Response to #4 and #5: “You’re responding with one defense after another. Please do your best to listen to me. If you have a problem with ____ , that is a separate issue that I’ll be happy to discuss at another time. Right now, I’m talking about  ____.”

This also might be a good time to ask for a time out. Take a few minutes to calm yourself. A few deep breaths will help you get centered so you can return to the main issue.

6. Parroting. This might look like: “You aren’t listening to me.” “You’re not listening to me!”  This is when someone takes your statement and uses it as their own. It’s another way of trying to throw the initiator off track.

(When I hear this one, it always makes me feel like I’m back in grade school.)

7. The need to have the last word. You know who you are. You just have to have the last word or you feel like you’re going to explode. For example, “Fine, just walk away like you always do.”  This one isn’t as damaging as the others, but it keeps the conflict alive.

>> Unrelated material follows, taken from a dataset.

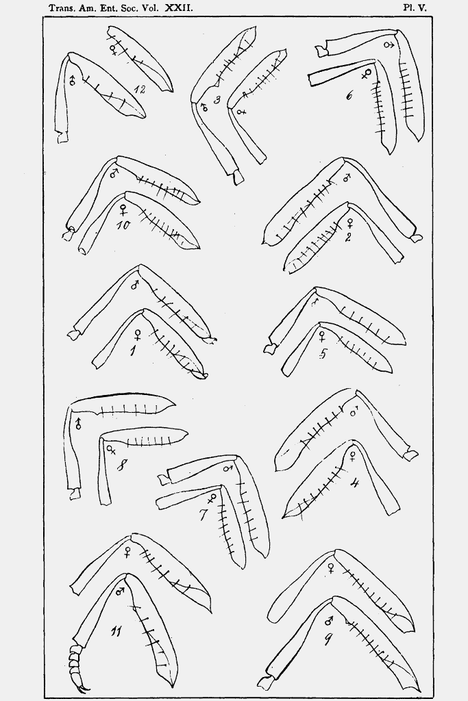 Ne ho estratto la chiave di identificazione delle specie allora (1890) riconosciute, che è questa:

Katherine also states, “The first time someone acts as if they are being accused, you can reiterate your own purpose, need or intention. Clarify the boundaries of your concern. For example “I’m saying this, I’m not saying that.”

Explain how you want the other person to receive you. For example, “I’m not accusing you of being bad, I am saying something important to me. You are doing something in our relationship that feels bad to me. I want you to listen to my concern.”"

The more you respond to someone’s defenses, the further you get from your original point.

The key is to stay focused. If you need to, write down your main issue before you address it. Refer to it when you start getting off track or drawn in to the defenses.

Defensiveness can cause suffering for everyone, so do your best to respond appropriately and be aware when you’re the one on the defensive.